[HN Gopher] Recursively Summarizing Enables Long-Term Dialogue M...
___________________________________________________________________
Recursively Summarizing Enables Long-Term Dialogue Memory in LLMs
Author : PaulHoule
Score : 122 points
Date : 2023-09-02 17:08 UTC (5 hours ago)
(HTM) web link (arxiv.org)
(TXT) w3m dump (arxiv.org)
| yieldcrv wrote:
| 7 people got together and wrote this paper
|
| Can someone summarize why this is different/better/more important
| than what we've seen 4 months ago with AutoGPT or even longer ago
| with the guy who got ChatGPT to make a compression algorithm that
| other ChatGPT sessions could read and resume conversations from
| [deleted]
| keskival wrote:
| It seems to be exactly the same as what everyone has been doing
| for a long time already, and they fail in citing existing
| implementations.
| codefreakxff wrote:
| I haven't read it yet to be certain, but my impression is that
| rather than using lossless compression of entire chats, this
| uses lossy summarization to get the gist of chats. There will
| be tradeoffs between the two methods, hopefully this paper
| covers that.
| Nevermark wrote:
| This is a little sideways to the article/discussion.
|
| The short memory is a real limitation, but I have noticed most
| critiques of GPT-4's abilities apply as much, or more, to humans.
|
| I don't think anyone alive could convince me they were GPT-4 in a
| Reverse Turing Test situation. GPT-4's fast organized responses
| alone hammer human abilities.
|
| But even a team of humans, with 60 minutes to answer each
| question, could find it difficult to match GPT-4's responses to
| interesting queries. It would be a fun competition.
| wintermutestwin wrote:
| Probably my ignorance talking, but I don't understand why there
| isn't a layer on top of an LLM that uses good old computer logic
| to keep track of and validate data.
|
| I am baffled by the fact that when I ask ChatGPT to look up some
| stock data (for example) it spits out errors. How does it not
| have a built in ability to check its own output?
| a-r-t wrote:
| Because if you had a logic layer capable of validating LLM's
| output, you wouldn't need the LLM.
| ben_w wrote:
| I think we still need an LLM to enable the system as a whole
| to understand vague and half-baked human input.
|
| I can easily ask an LLM to write be a function in a random
| programming language, then feed the output to a compiler, and
| pipe errors from the compiler back to the LLM.
|
| What doesn't work so well is typing "pong in java" into a
| bash shell.
|
| This isn't a perfect solution (not even for small projects),
| but it does demonstrate that automated validation can improve
| the output.
| kendalf89 wrote:
| Even something as simple as censoring swear words would be in
| line with what openAI are trying to accomplish but they keep
| lobotomizing the model instead.
| tomr75 wrote:
| people have built their own solutions to validate data like
| this
|
| won't be one size fits all due to various types of data - and
| if you could validate all types - why do you need the llm!
| jamilton wrote:
| What do you mean by "check its own output"?
| m3kw9 wrote:
| This wouldn't work for ChatGPT right?
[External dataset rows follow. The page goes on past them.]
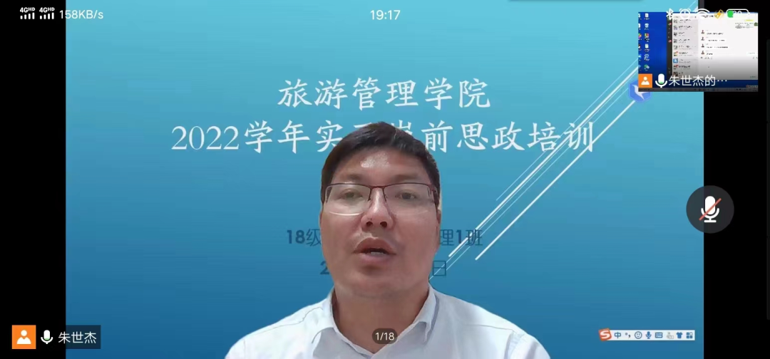 根据学校实习工作安排,旅游管理学院2020级各班于5月16—5月18日召开了实习生岗前思政教育培训班会,各班班主任利用线上、线下等方式组织岗前思政培训。
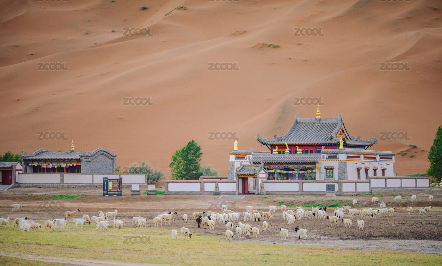 中国内蒙古巴丹吉林沙漠寺庙前的羊群
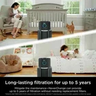 Shark Never Change Air Purifier MAX, 5-Year HEPA Filter, 1200 Sq. ft. Charcoal🔷 Open Box: This item is have been opened for inspection, testing, or display purposes. The item has been thoroughly checked to ensure it is fully functional and works like new About this item NEVER CHANGE FILTRATION: HEPA filtration that wont need replacement*. Debris Defense filter protects HEPA layers ,*for up to 5 years, Tested to GB/T18801-2015 P.CCM, based on 50% CADR declined, 300 SQFT, and 12 hrs daily operation on MAX fan speed $300+ IN FILTER REPLACEMENT SAVINGS: With Never Change filtration, you wont need replacement filters for up to 5 years. *Vs.cost of replacing filters on a competitor unit over 5-year period in 300 square foot space DEBRIS DEFENSE PROTECTION: Pulls in large particles like hair, dust, and dander, preventing buildup on your HEPA filter and maximizing performance. Easily remove the screens and vacuum, wipe, or rinse it clean in seconds WHOLE-HOME COVERAGE: Purify extra-large areas up to 1200 sq. ft. in just one hour. Perfect for multiple rooms, large bedrooms and living rooms, basements, and more. Based on AHAM AC-1, at one air change per hour EXCEEDS HEPA STANDARDS: Anti-Allergen HEPA filter captures more micro-pollutants than HEPA standards require, trapping 99.98% of large, small, & micro-sized particles (based on EST-RP-CC007.3, 0.10.2 microns). *Allergen refers to non-living matter AUTOMATICALLY ADJUSTS: Clean Sense IQ tracks air quality and constantly adjusts power to maintain clean air in your home. (Measures three particle sizes: PM1, PM2.5, and PM10). Results & updates are displayed in real-time on an LED screen FOR A GOOD NIGHT'S SLEEP: Ultra-quiet performance, with dimmable lights for minimal sleep interruption WHATS INCLUDED: Shark Never change Air Purifier MAX, Debris Defense Washable Filter & Never change HEPA filter

All it cares about is the
| input context
| hansvm wrote:
| ChatGPT is used in the paper. The problem they're solving is
| how to throw a loop around the LLM (like ChatGPT) to generate
| an appropriate input context.
| ipnon wrote:
| Very interesting academies these researchers are based at ...
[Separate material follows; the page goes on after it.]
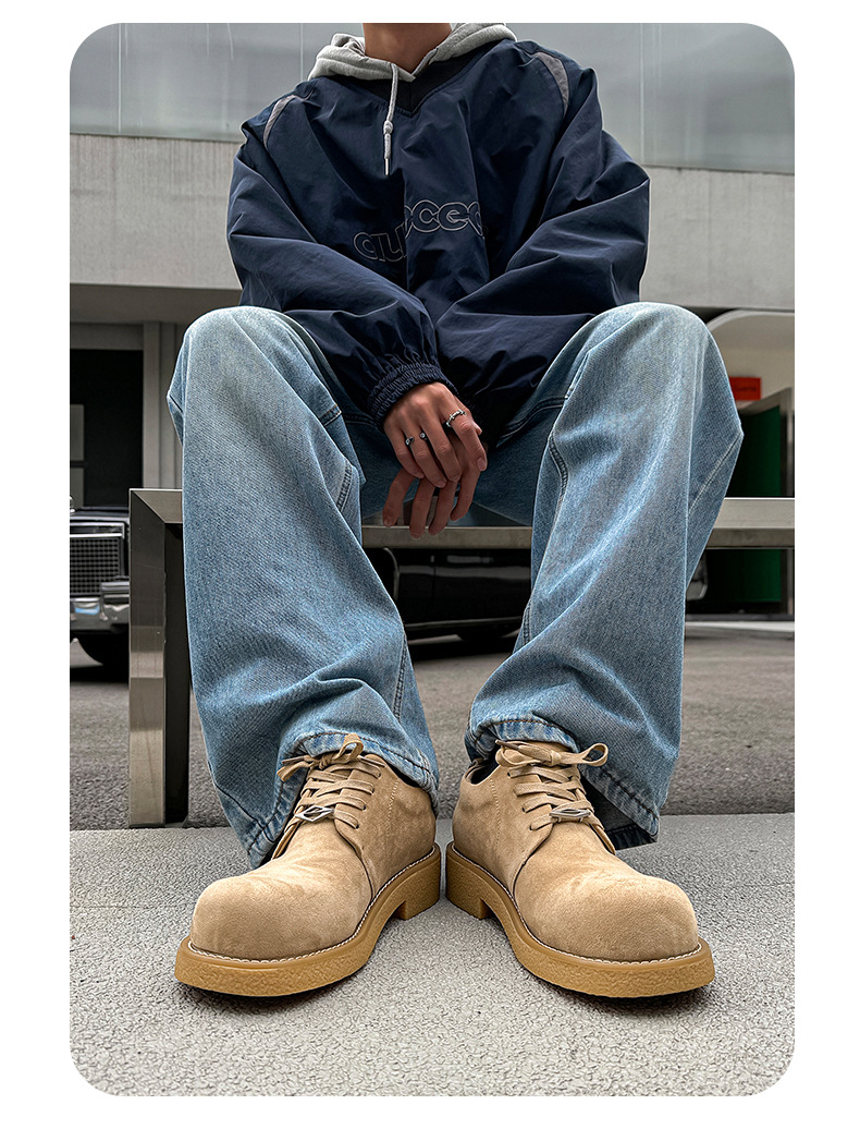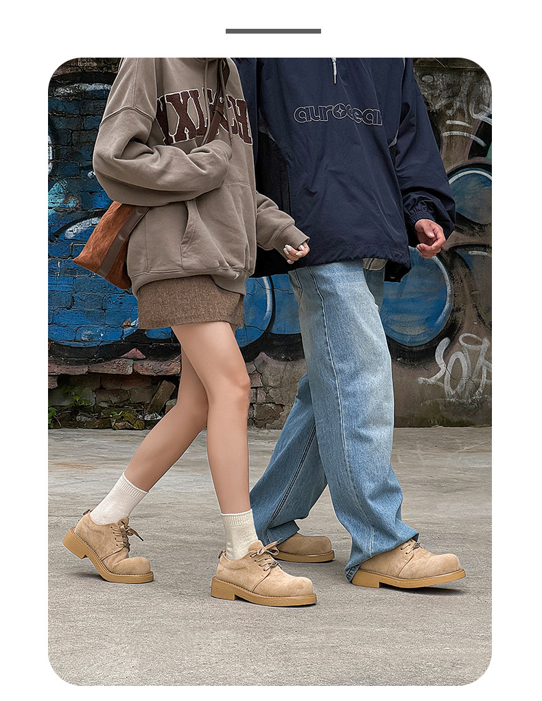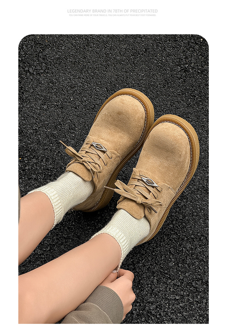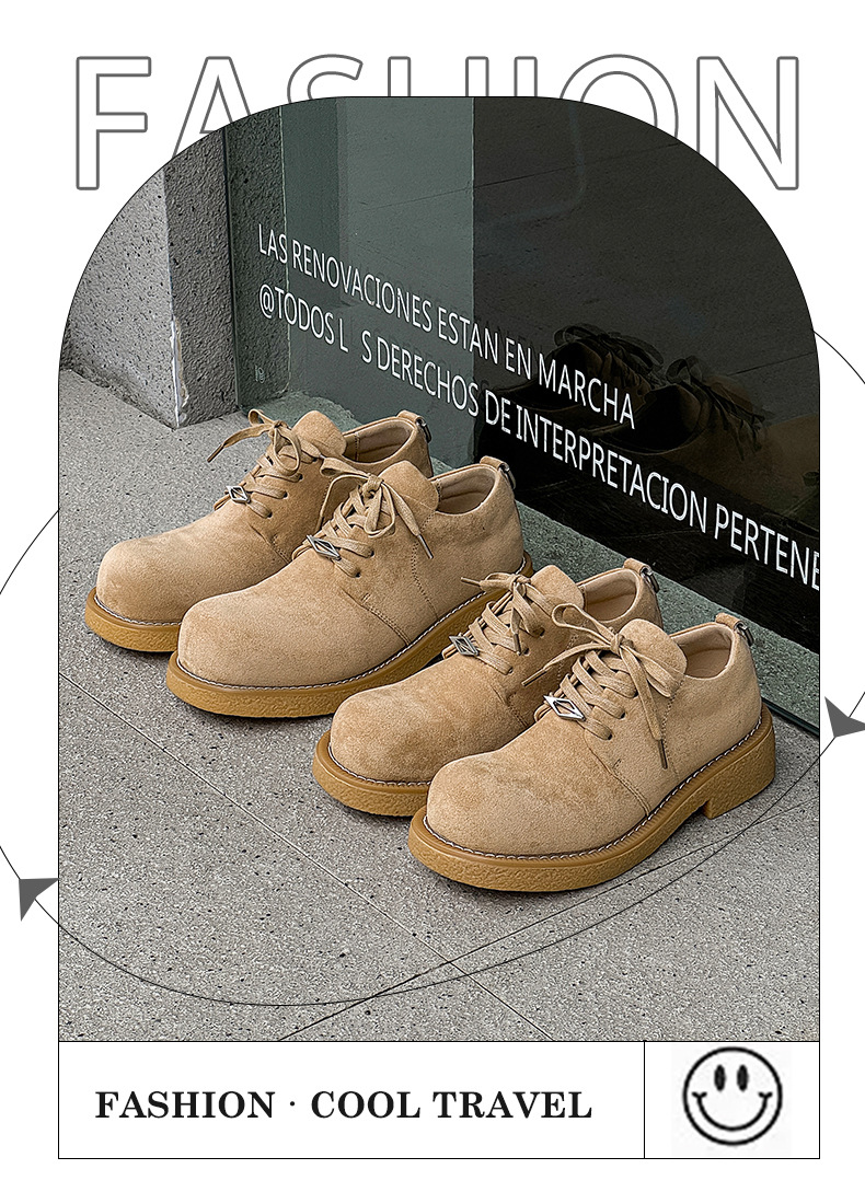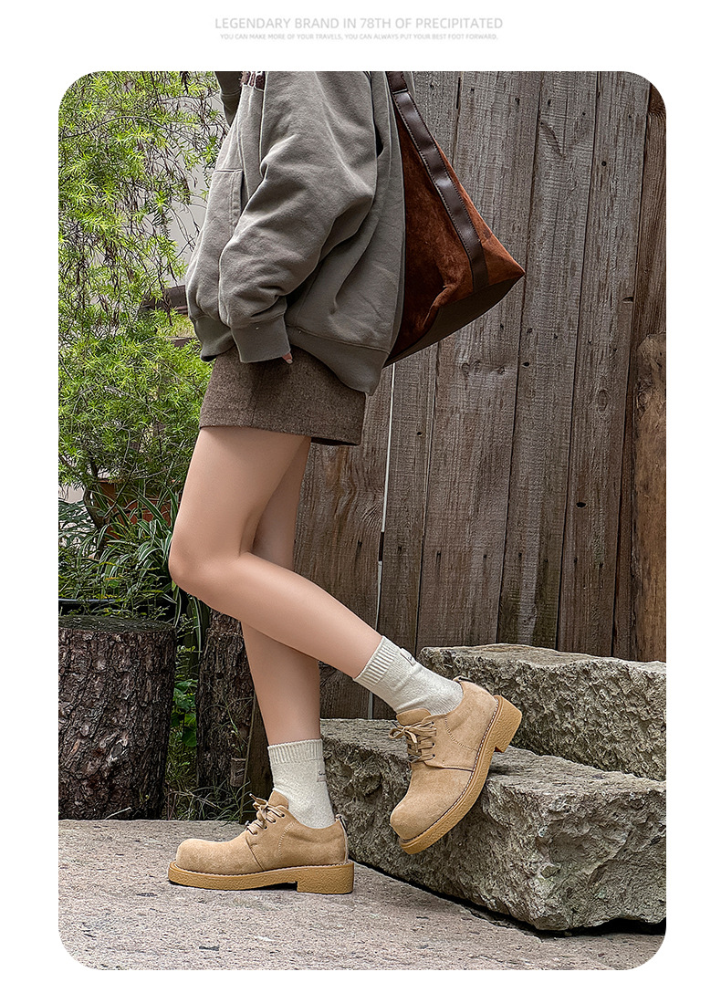 2024 가을과 겨울 둥근 발가락 미키 가죽 더비 큰 발가락 신발 낮은 최고 두꺼운 단독 높이 증가 유행 올 매치 캐주얼 가죽 신발스토어 가기

| makes you wonder what kind of new applications this research
| enables.
| Philpax wrote:
| What are you saying?
| MadsRC wrote:
| This seems very close to Langchain's "summary" memory
| functionality (which seems to have existed since March 2023?) -
| granted I haven't read the paper just yet
| kgeist wrote:
| I tried to build memory using recursive summarization months ago
| using open source models and what I found is that with a naive
| implementation, it would often get stuck on a certain topic
| forever because certain bits would survive all summarization
| rounds.
| washadjeffmad wrote:
| Yeah, unless this substantially mitigates amplification, even
| when using manual chunk sizing on known materials, the context
| still hangs onto its "dying thoughts" in a way that remarkably
| resembles Alzheimer's.
| cushpush wrote:
| plaque buildup?
| keskival wrote:
| You can just advice it to forget (that is, skip in
| summarization) things which seem irrelevant.
| BoorishBears wrote:
| Or you could use techniques from the 1970s that let you skip
| the kind of highly repetitive text that causes them to get
| stuck without losing important concepts (IDF)
| arketyp wrote:
| Reminds me of a "bad trip" or OCD patterns. I sometimes think
| about how little it takes to derail the human mind, by trauma
| or ontogenically, and how wishful the idea of a human-like AI
| then seems.
| TuringNYC wrote:
| A bit of personal anecdote -- at work, we have thousands of
| "Briefings" which are hour-long (sometimes day-long) in-person
| panels. We've successfully summarized each and every briefing.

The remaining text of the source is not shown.